The standard pipeline
- Create external data. Convert documents into embeddings via an embedding model and store them in a vector database.
- Retrieve relevant info. Embed the user query and run a similarity search (cosine similarity) against the store.
- Augment the prompt. Insert the retrieved passages alongside the user query.
- Keep it fresh. Re-embed source documents as they change (async or batch).
Why it matters
RAG mitigates four well-known LLM failure modes: presenting false information when it does not know, returning out-of-date or generic answers, drawing on non-authoritative sources, and confusing terminology across domains. It also adds source attribution, which builds trust and lets developers swap sources, restrict by permissions, and troubleshoot retrievals.
RAG vs fine-tuning
These are the two canonical ways to make a foundation model work for a specific domain. They differ in where the domain knowledge lives.
- RAG keeps the model untouched. Knowledge lives in an external vector database; relevant chunks are retrieved at inference time and injected into the prompt. Updates are cheap. Best for facts that change.
- Fine-tuning modifies the model itself by continued training on domain data. Knowledge and behavior get baked into the weights (full fine-tuning, or parameter-efficient variants like LoRA / QLoRA). Updates are expensive. Best for style, tone, format, and behavior.
| RAG | Fine-tuning | |
|---|---|---|
| Model weights | unchanged | modified |
| Knowledge location | external store | inside the model |
| Update cost | cheap (re-embed) | expensive (retrain) |
| Best for | facts, current data, citations | style, tone, format, behavior |
| Cost profile | inference-heavy | training-heavy |
| Risk modes | retrieval misses, context overflow | catastrophic forgetting, overfitting |
In practice they are combined more often than chosen between: fine-tune for style, RAG for facts.
Embeddings: the layer RAG depends on
An embedding is a dense numeric vector (typically 384--4096 dimensions) representing a piece of text, image, or audio, chosen so that semantically similar inputs end up close together in vector space. The output quality of a whole RAG system is bounded by the embedding model's ability to put related text near each other.
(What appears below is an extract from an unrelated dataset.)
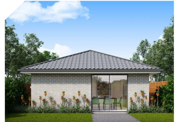
FACADE STYLE A

Items may be displayed in our homes that are not included in our standard specifications. Display Home Options, including façade upgrades, window upgrades, brick upgrades, kitchen and bathroom upgrades, light fittings, down lights, feature walls, upgraded tiling, floor coverings, window coverings, all external landscape including retaining walls, timber porch and patio, decking, pergolas, rainwater tanks are not included. Unless noted, no concrete slab or pad provided to any external area. All point of sale and marketing material are for illustrative purposes only and it is the client's responsibility to satisfy themselves as to their understanding. Champion Homes gives no warranty and make no representation as to the accuracy or sufficiency of any description, illustration, photograph or statement contained in this document and accepts no liability for any loss which may be suffered by any person who relies either wholly or in part upon the information presented. Photographs and illustrations in this brochure are intended to be a visual aid only. All information provided is subject to change without notice. Floor plan size may vary according to façade selected. Copyright© This plan is the property of Champion Homes and may not be used in whole or part. Legal action will be taken against any person who infringes the Copyright. January 2020. * All drawings and images are for illustrative purposes and are used as a visual guide only.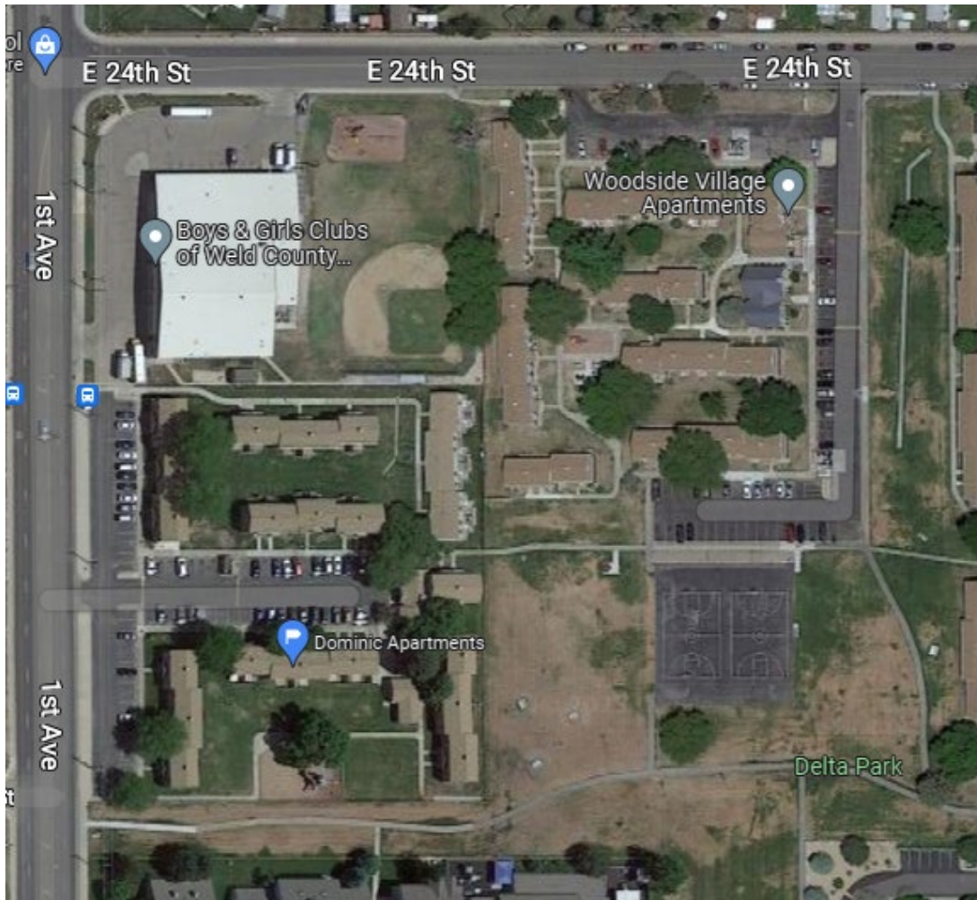
Google earth image showing the intersection of 1 st Ave & E 24 th St – Dominic Apartments & Woodside Village Apartments

This incident began at the Dominic Apartments located in the 2400 block of 1 st Avenue and concluded at the Woodside Village Apartments located in the 100 block of E 24 th Street. Both locations are within the city of Greeley, County of Weld, State of Colorado.

- Dense and semantic. Unlike sparse keyword vectors, embeddings capture meaning -- the classic
example is
king - man + woman ~= queen. - Context-dependent. Modern transformer embeddings give "bank" a different vector in "river bank" versus "financial bank".
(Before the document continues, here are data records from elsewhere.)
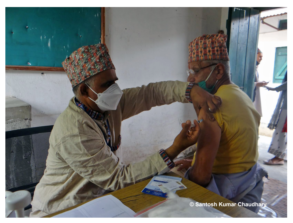
An 83-year old Bhutanese refugee receives a COVID-19 vaccination at the Beldangi refugee settlement in eastern Nepal.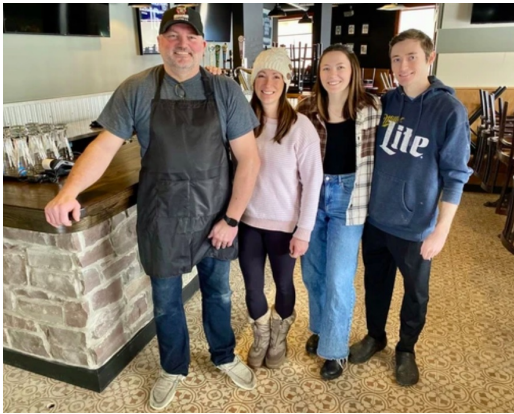
WORK Pub & Eatery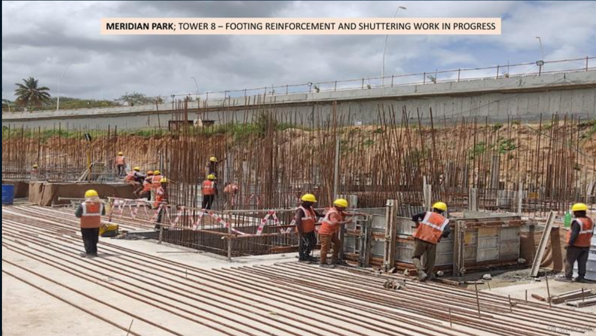
MERIDIAN PARK; TOWER 8 – FOOTING REINFORCEMENT AND SHUTTERING WORK IN PROGRESS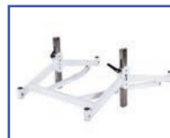
P13768 22"Wx20"D Stainless Steel Frame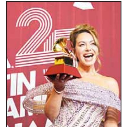
Chiquis poses after winning an award for best banda album.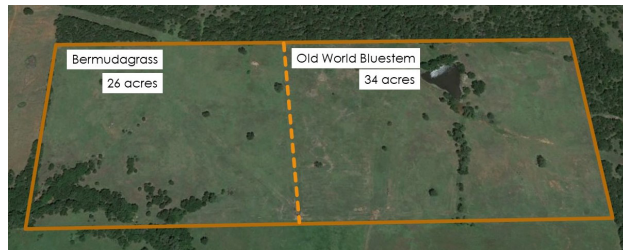
Figure 3. Forage community assessment.

The first step was to assess the forage community in the pasture, the producer noted that the west side of the field was dominated by bermudagrass and the east side was populated by old world bluestem stands. Based on observations, he concluded that the pasture needed to be divided into two sub-pastures as illustrated in (Figure 3).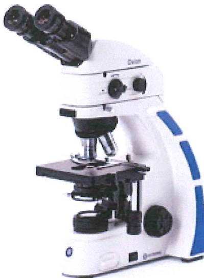
FluoLed fluorescence Oxion

Multihead models with 2, 3 or 5 heads with laser pointer allow simultaneous observation of specimens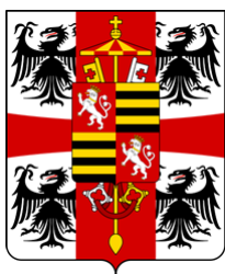
The Arms of the Gonzaga family (1510)

Translation: Saint Aloysius Gonzaga, having renounced his princely title became a religious in the Society of Jesus. He was among the first students of the the Roman College when, in the fervid impulse of sacrifice and love, in the year MDXCI (1591), he consecrated his young life to the comfort of those suffering from plague, frequenting this hospital where he carried one of the infected patients contracting the disease himself whereupon, on the 21st June, at only 23 years old, he rose to his celestial reward, an angel of purity and a martyr to charity. The Roman Peoples placed this memorial on the occasion of the centenary of the Canonisation solemnly celebrated by the Church and the State to the Glory of God and the honour of Italy 29 June 1928.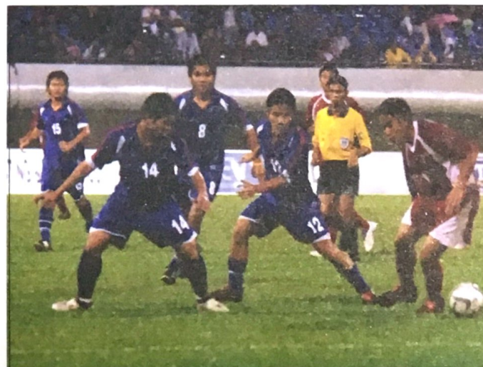
Exciting match displayed during the final of Hassanal Bolkiah Trophy

* From frontpage (Hassanal Bolkiah Trophy)

- A working default for English RAG (2026): OpenAI
text-embedding-3-small(cheap, well-behaved) orbge-small-en-v1.5(self-hostable). Use the MTEB leaderboard as a starting filter, not as truth; build a small eval set from real queries and measure retrieval recall@k yourself.
Vector databases
A vector database stores, indexes, and efficiently searches high-dimensional embeddings. Where traditional databases excel at exact matches, vector DBs excel at similarity searches -- "give me the rows whose vector is closest to this one". The key efficiency primitive is approximate nearest neighbor (ANN) search, which checks a carefully selected subset of candidates instead of all vectors, trading a small amount of accuracy for a large speedup. Common options: Pinecone (hosted), pgvector (Postgres extension), OpenSearch, Weaviate, Milvus, and Chroma (lightweight, good for prototypes). See Tooling for how these fit the broader stack.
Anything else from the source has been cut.